When you make map thread safe by using Collection.synchronizedMap(map), it locks whole map object, but ConcurrentHashMap does not lock the whole map, it just locks part of it(Segment).
You can read more about ConcurrentHashMap over here.

13. What will happen when you run below code

package org.arpit.java2blog;

import java.util.HashMap;
import java.util.Iterator;
import java.util.Map.Entry;

public class IterateMapMain {

    public static void main(String args[])
    {
        // HashMap with Country as key and capital as value
        HashMap<String,String> map=new HashMap<String,String>();
        map.put("India","Delhi");
        map.put("Japan","Tokyo");
        map.put("France","Paris");
        map.put("Russia","Moscow");

        
        // Iterating java iterator
        System.out.println("Iterating java Iterator");
        Iterator<String> countryKeySetIterator=map.keySet().iterator();
        while(countryKeySetIterator.hasNext()){
            String countryKey=countryKeySetIterator.next();
            map.put("Nepal", "KathMandu");
            System.out.println(countryKey);

        }
        System.out.println("-----------------------------");
    }

}

You will get below output

Iterating java IteratorException in thread "main" java.util.ConcurrentModificationException
at java.base/java.util.HashMap$HashIterator.nextNode(HashMap.java:1489)
at java.base/java.util.HashMap$KeyIterator.next(HashMap.java:1512)
at org.arpit.java2blog.IterateMapMain.main(IterateMapMain.java:24)
Japan

Whenever you try to change count of hashmap while iterating, it will throw java.util.ConcurrentModificationException because we call iterator.next,it checks for modCount and initial count, if it does not match it will throw ConcurrentModificationException.
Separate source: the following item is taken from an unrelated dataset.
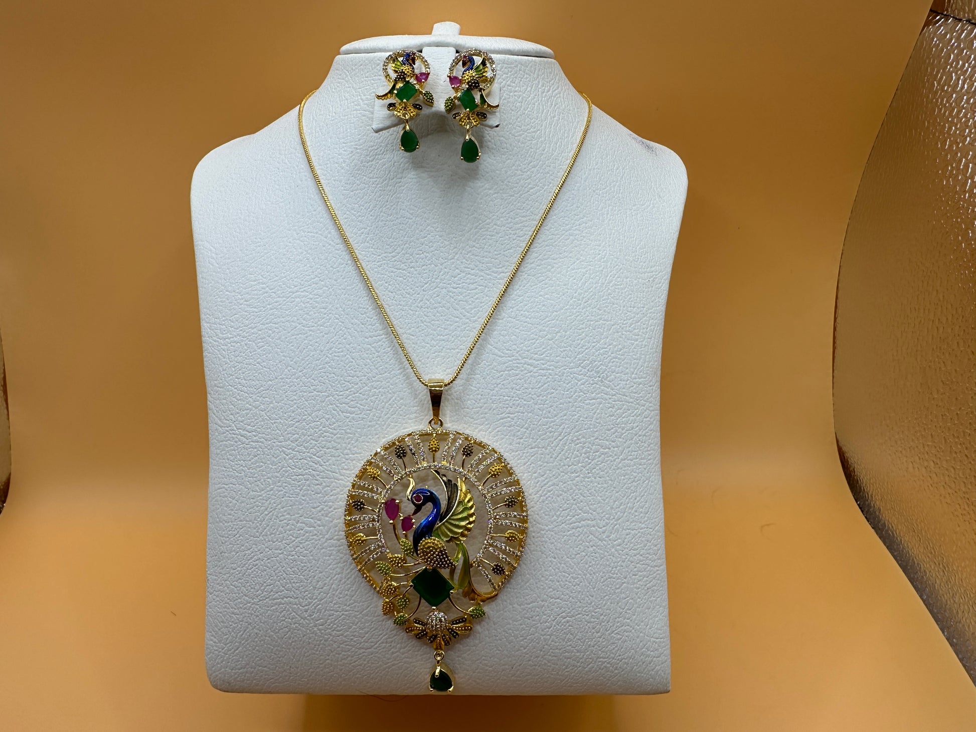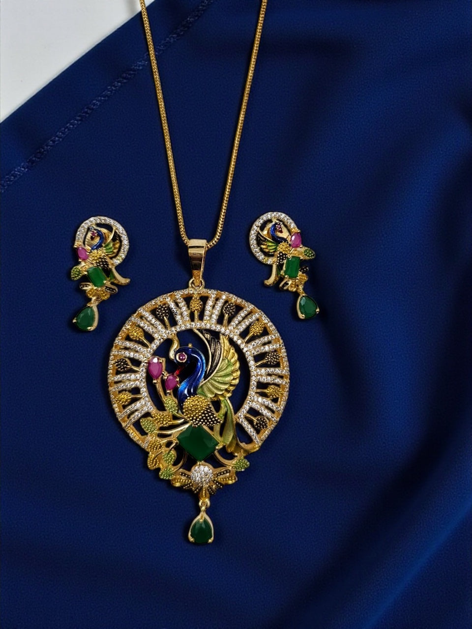 1051-American Diamond Delicate Pendant Set -Green

14. Write a program to print odd even numbers using threads in sequence?

Here is the program to print odd and even numbers using threads in sequence.

15. Which design pattern you have used in your project?
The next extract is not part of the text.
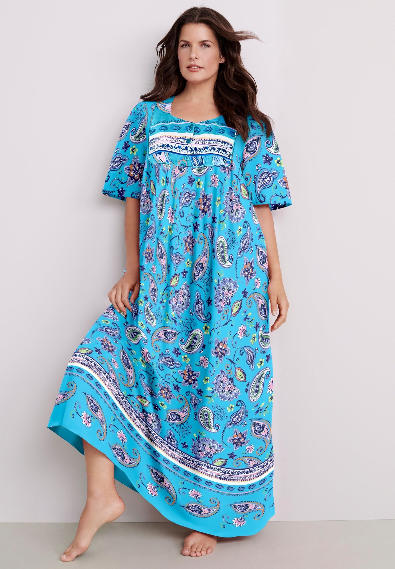 Plus Size Women's Long Floral Print Cotton Gown by Dreams & Co. in Caribbean Blue Roses (Size 1X) Pajamas

You can name few design patterns such as Singleton, Observer etc. which you might have used in your project.

16. What is double level locking in singleton design pattern?
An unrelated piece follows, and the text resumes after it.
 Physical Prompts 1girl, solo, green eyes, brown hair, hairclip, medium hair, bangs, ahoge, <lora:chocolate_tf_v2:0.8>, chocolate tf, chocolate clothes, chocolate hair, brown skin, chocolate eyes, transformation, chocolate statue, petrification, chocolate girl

Double level locking in single design pattern is used to make it thread-safe.

public static Singleton getInstance()
    { 
        if (_instance == null) { // Single Checked 
            synchronized (Singleton.class) 
            { 
                if (_instance == null)// Double checked 

                { 
                    _instance = new Singleton(); 
                }
            } 
        } return _instance; 
    }

Let's say two threads(T1 and T2) checked for null and both reached at synchronized (Singleton.class) . T1 gets the lock and create instance of Singleton and return.Now T2 enters in synchronized block, as we have checked for null again,it will not create object again.

17. Write a program to implement producer-consumer problem using BlockingQueue?

You can find detailed answer over here

18. Have you worked on Java 8? Can you share major changes in Java 8?

If you have worked on Java 8, you can share major changes such Stream, lambada expression, defaults method in interface etc.

19. Have you worked on Serialization? Can you tell difference between Serializable and Externalizable?

You can find detailed answer over here

20. How will you detect memory leak in your application?

There is no simple answer to this question. You can take thread dump via JVisualVM and do the analysis in eclipse memory analyzer tool.
That's all about Java interview questions for 5 to 6 years experience.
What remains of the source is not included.